----- Records provided -----

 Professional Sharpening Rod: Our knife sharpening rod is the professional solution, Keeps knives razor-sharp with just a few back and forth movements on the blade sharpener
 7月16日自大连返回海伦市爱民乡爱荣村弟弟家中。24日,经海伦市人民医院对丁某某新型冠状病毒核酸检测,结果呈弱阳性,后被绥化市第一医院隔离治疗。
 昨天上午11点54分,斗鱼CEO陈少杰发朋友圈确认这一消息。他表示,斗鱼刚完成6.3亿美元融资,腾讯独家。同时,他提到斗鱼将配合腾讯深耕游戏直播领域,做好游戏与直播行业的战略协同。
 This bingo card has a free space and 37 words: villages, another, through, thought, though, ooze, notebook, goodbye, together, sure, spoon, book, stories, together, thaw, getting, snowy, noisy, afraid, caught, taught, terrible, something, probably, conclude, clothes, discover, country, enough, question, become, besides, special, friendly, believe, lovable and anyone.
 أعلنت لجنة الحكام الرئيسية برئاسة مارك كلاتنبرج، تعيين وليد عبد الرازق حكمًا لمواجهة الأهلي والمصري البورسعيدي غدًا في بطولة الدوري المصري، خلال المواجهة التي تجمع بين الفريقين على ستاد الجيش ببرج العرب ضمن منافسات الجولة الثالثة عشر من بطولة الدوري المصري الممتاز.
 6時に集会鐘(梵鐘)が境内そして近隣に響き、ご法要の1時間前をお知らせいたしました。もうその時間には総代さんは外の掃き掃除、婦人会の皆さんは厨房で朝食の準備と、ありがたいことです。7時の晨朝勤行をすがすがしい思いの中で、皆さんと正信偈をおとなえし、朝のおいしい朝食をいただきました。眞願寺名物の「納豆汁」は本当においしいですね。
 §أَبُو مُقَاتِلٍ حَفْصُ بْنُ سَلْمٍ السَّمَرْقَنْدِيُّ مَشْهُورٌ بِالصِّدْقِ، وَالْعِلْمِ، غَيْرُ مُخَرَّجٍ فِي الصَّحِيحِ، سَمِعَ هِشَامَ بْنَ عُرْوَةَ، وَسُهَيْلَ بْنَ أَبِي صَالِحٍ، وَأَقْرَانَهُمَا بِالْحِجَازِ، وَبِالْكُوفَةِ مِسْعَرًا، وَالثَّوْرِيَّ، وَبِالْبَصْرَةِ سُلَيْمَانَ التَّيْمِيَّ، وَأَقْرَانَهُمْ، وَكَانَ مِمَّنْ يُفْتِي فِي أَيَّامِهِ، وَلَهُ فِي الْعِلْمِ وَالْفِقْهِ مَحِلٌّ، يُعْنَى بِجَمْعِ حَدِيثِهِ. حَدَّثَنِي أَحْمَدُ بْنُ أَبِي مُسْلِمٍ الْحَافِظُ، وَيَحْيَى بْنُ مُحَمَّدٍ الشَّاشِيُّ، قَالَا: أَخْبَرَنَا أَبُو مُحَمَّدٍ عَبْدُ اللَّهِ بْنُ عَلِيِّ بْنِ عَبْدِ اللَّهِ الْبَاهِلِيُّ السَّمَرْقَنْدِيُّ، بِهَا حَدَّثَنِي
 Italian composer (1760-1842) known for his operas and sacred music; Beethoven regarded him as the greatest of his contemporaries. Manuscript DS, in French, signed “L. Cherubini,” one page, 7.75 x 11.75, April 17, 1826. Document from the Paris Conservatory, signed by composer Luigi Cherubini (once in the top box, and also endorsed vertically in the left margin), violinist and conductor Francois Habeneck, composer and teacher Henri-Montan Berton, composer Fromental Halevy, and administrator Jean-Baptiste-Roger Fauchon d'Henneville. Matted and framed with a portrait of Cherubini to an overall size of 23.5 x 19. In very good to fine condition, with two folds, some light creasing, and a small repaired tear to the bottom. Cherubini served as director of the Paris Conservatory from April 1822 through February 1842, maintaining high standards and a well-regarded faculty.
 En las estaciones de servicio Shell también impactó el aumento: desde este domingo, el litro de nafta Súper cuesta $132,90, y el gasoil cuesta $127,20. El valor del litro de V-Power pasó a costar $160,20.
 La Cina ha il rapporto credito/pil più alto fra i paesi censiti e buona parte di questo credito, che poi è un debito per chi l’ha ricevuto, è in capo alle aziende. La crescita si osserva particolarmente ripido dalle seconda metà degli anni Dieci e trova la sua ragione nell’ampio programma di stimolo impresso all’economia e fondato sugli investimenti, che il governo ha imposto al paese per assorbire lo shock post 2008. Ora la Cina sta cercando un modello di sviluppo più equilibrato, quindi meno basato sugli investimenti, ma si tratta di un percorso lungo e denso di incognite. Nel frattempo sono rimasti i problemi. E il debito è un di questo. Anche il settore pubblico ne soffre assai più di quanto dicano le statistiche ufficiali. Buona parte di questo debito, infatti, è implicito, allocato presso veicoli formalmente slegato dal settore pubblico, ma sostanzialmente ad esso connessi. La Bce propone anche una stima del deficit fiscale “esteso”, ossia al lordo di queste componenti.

-----

*What to do*
Only lines that contain the string "through" count; pick each one out of the records and copy it.

*Finished task*
 This bingo card has a free space and 37 words: villages, another, through, thought, though, ooze, notebook, goodbye, together, sure, spoon, book, stories, together, thaw, getting, snowy, noisy, afraid, caught, taught, terrible, something, probably, conclude, clothes, discover, country, enough, question, become, besides, special, friendly, believe, lovable and anyone.
 Italian composer (1760-1842) known for his operas and sacred music; Beethoven regarded him as the greatest of his contemporaries. Manuscript DS, in French, signed “L. Cherubini,” one page, 7.75 x 11.75, April 17, 1826. Document from the Paris Conservatory, signed by composer Luigi Cherubini (once in the top box, and also endorsed vertically in the left margin), violinist and conductor Francois Habeneck, composer and teacher Henri-Montan Berton, composer Fromental Halevy, and administrator Jean-Baptiste-Roger Fauchon d'Henneville. Matted and framed with a portrait of Cherubini to an overall size of 23.5 x 19. In very good to fine condition, with two folds, some light creasing, and a small repaired tear to the bottom. Cherubini served as director of the Paris Conservatory from April 1822 through February 1842, maintaining high standards and a well-regarded faculty.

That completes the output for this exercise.